2025 concert tour by Erykah Badu

Mama's Gun '25: The Return of Automatic Slim Tour was the fourteenth headlining concert tour by American singer-songwriter Erykah Badu. It was launched to commemorate the 25th anniversary of her second studio album Mama's Gun (2000). The tour commenced in Los Angeles, California on October 3, 2025, and culminated in Irving, Texas on December 10, 2025, comprising 28 shows across the US and Europe.

== Background and development ==
In November 2000, Erykah Badu released her second studio album Mama's Gun. The album was largely recorded at the Electric Lady Studios in New York City with the collective Soulquarians. It received widespread critical acclaim, predominantly for its production techniques and Badu's songwriting, (Note: attributed to multiple sources) and garnered three Grammy Award nominations. Reaching number 11 on the US Billboard 200, it was regarded as a sophomore slump in comparison to the commercial success of Badu's debut, Baduizm (1997).

In February 2001, Badu embarked on Mama's Gun World Tour in support of the album, touring across North America and Europe until September. Critically acclaimed for Badu's stage presence and vocal performance, (Note: attributed to multiple sources) the tour was retrospectively credited with establishing Badu as a touring artist and solidifying her fanbase. Badu reflected on the reassurance by the response she received while touring: "[When] I started to tour again and saw all the people show up who knew the words, it was confirmation that the work is not always for commercial success. It's also for spiritual upliftment."

In 2025, Badu embarked on a co-headlining tour with The Alchemist, titled Abi & Alan: Luv Iz... Tour, in support of their upcoming collaborative album Abi & Alan (2026).

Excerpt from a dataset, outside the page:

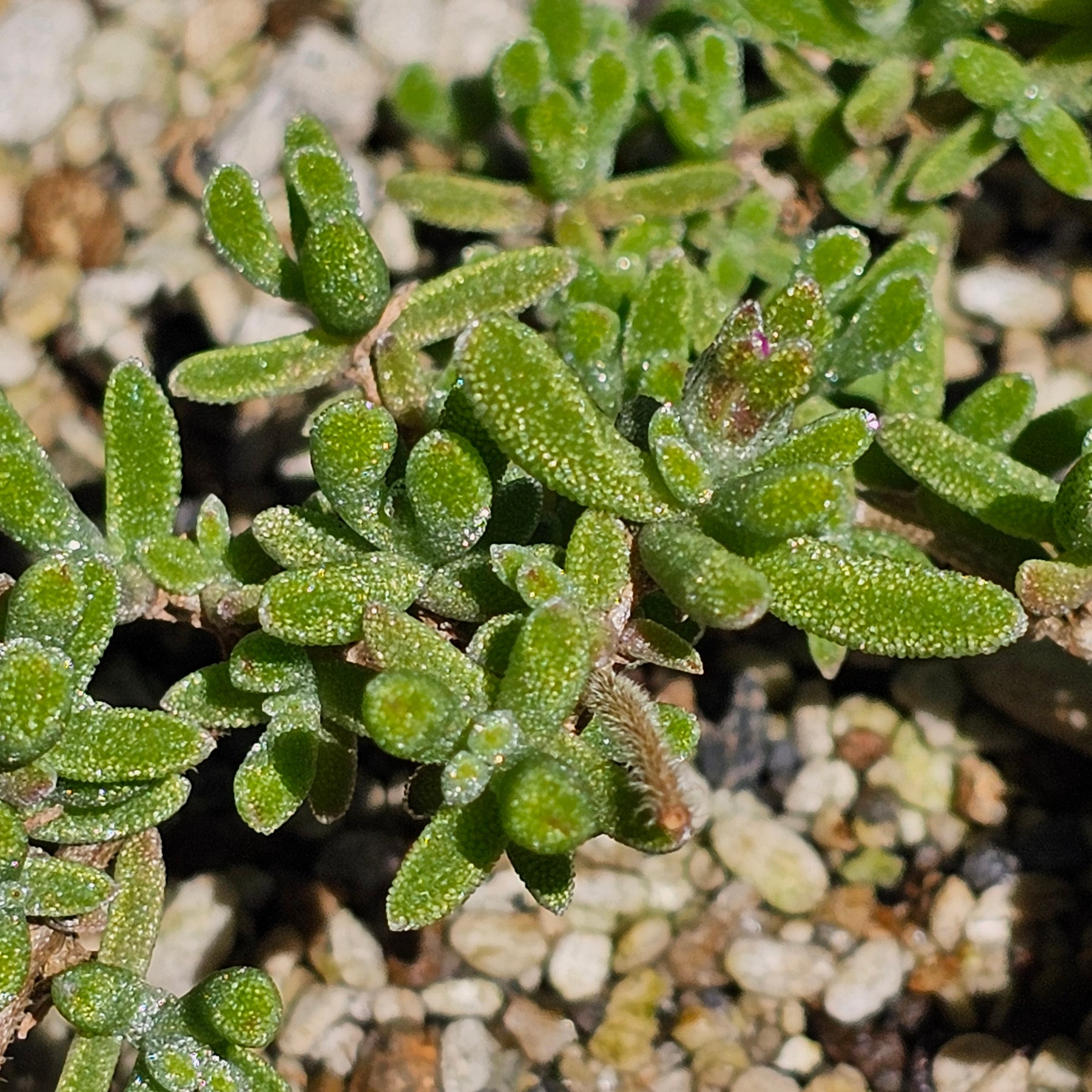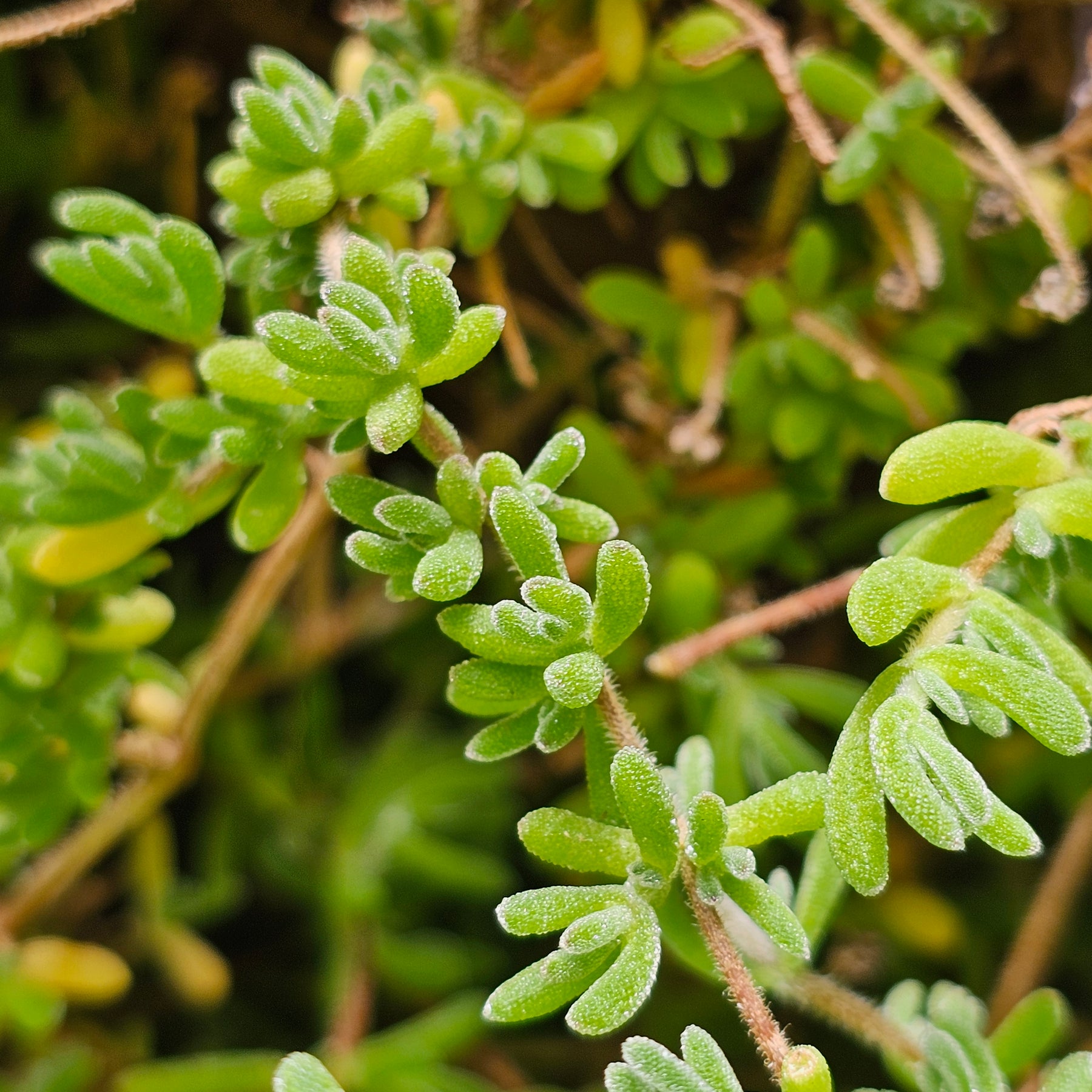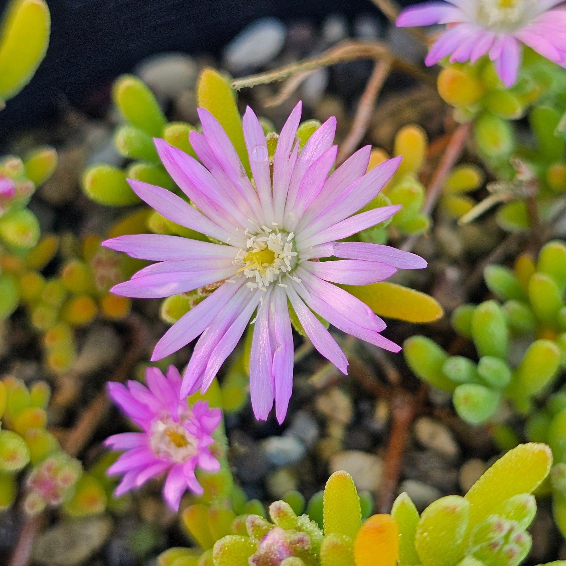 Mesembryanthemum, commonly known as the trailing ice plant, is a succulent plant native to South Africa. It's a low-growing, mat-forming plant that is often used as ground cover. The plant has small, fleshy, green leaves that are covered in tiny, glistening hairs, giving it an icy appearance, hence the name.

Visiting Japan and North America, the tour commenced in Osaka on June 28, and culminated in Austin, Texas on August 24. During the tour, Badu announced Mama's Gun '25: The Return of Automatic Slim Tour, to celebrate the 25th anniversary of Mama's Gun, on July 28. The tour was initially announced to comprise 16 dates across the US, from October 3 until December 10. Rapper Westside Gunn was further announced as the opening act for the tour's first show, at the Hollywood Bowl in Los Angeles. In September, Badu announced the tour's European leg, which commenced in London on October 24.

== Critical reception ==
Mama's Gun '25: The Return of Automatic Slim Tour received widespread critical acclaim. Reviewing the tour's opening concert at the Hollywood Bowl, both Demicia Inman of Vibe and Paula Mejía of SFGate praised Badu's vocal performance, with the former concluding that she "intentionally used the stage to build her own universe, where listeners could find a home planet, whether they lean towards her lush, romantic poetry or the third-eye reflections in her lyrical candor". In a commentary on the tour's concert at the Royal Albert Hall in London, Cordelia Page of Roar News commended the stage design and Badu's stage presence, describing the show as "imbued with energy and charisma". Giving the show four out of five stars, Jane Cornwell of The Standard emphasized the expansion of Badu's vocal range since the release of Mama's Gun. Joe Goggins of Manchester Evening News concluded that, based on the concert at the O2 Apollo Manchester, Mama's Gun "only becomes more stirring and more soulful with the passing of time". Reviewing the tour's penultimate show, at The Pinnacle in Nashville, Caché McClay of The Tennessean described it as a "high-powered and one-of-a-kind experience", while Nashville Scenes Jason Shawman noted that it utilized "an exceptional sense for using lasers and video effects to expand space".

== Set list ==
The set list is representative of multiple concerts throughout Mama's Gun '25: The Return of Automatic Slim Tour.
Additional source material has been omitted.